# [Required work]
When the line containing "Volume 41, Issue" is found in the data below, copy it and each line after it through the line containing "Langer, Viggo (1860", exactly and with no others.

# [Source information]
═══
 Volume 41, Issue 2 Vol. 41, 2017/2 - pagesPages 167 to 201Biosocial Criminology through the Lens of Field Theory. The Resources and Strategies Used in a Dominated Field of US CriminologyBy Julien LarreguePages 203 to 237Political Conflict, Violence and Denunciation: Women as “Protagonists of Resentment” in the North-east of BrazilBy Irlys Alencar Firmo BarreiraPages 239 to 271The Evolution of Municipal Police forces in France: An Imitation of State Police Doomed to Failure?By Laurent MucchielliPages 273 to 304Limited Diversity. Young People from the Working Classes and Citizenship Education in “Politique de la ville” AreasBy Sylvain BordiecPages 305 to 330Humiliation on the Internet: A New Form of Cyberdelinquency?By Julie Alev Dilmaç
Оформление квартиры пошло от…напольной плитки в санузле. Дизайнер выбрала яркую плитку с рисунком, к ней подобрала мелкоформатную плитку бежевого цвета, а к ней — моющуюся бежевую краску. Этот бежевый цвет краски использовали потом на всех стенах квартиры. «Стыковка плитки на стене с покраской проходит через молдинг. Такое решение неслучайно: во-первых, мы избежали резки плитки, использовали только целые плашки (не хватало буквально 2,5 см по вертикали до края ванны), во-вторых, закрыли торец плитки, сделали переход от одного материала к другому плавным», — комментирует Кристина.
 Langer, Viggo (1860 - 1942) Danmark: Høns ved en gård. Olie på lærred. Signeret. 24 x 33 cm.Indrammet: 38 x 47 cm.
═══
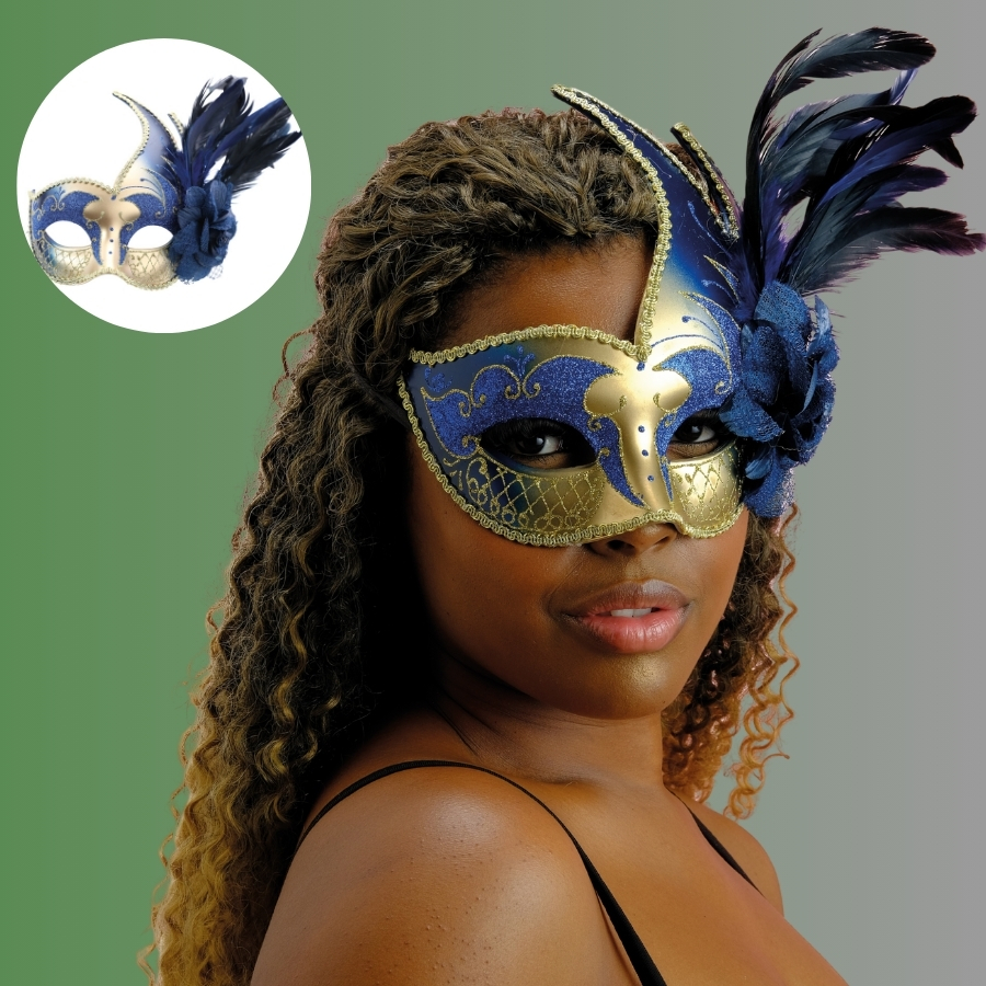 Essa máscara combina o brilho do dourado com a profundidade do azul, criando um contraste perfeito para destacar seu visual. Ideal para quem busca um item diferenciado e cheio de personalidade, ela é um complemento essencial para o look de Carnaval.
═══
# [Solution]
 Volume 41, Issue 2 Vol. 41, 2017/2 - pagesPages 167 to 201Biosocial Criminology through the Lens of Field Theory. The Resources and Strategies Used in a Dominated Field of US CriminologyBy Julien LarreguePages 203 to 237Political Conflict, Violence and Denunciation: Women as “Protagonists of Resentment” in the North-east of BrazilBy Irlys Alencar Firmo BarreiraPages 239 to 271The Evolution of Municipal Police forces in France: An Imitation of State Police Doomed to Failure?By Laurent MucchielliPages 273 to 304Limited Diversity. Young People from the Working Classes and Citizenship Education in “Politique de la ville” AreasBy Sylvain BordiecPages 305 to 330Humiliation on the Internet: A New Form of Cyberdelinquency?By Julie Alev Dilmaç
Оформление квартиры пошло от…напольной плитки в санузле. Дизайнер выбрала яркую плитку с рисунком, к ней подобрала мелкоформатную плитку бежевого цвета, а к ней — моющуюся бежевую краску. Этот бежевый цвет краски использовали потом на всех стенах квартиры. «Стыковка плитки на стене с покраской проходит через молдинг. Такое решение неслучайно: во-первых, мы избежали резки плитки, использовали только целые плашки (не хватало буквально 2,5 см по вертикали до края ванны), во-вторых, закрыли торец плитки, сделали переход от одного материала к другому плавным», — комментирует Кристина.
 Langer, Viggo (1860 - 1942) Danmark: Høns ved en gård. Olie på lærred. Signeret. 24 x 33 cm.Indrammet: 38 x 47 cm.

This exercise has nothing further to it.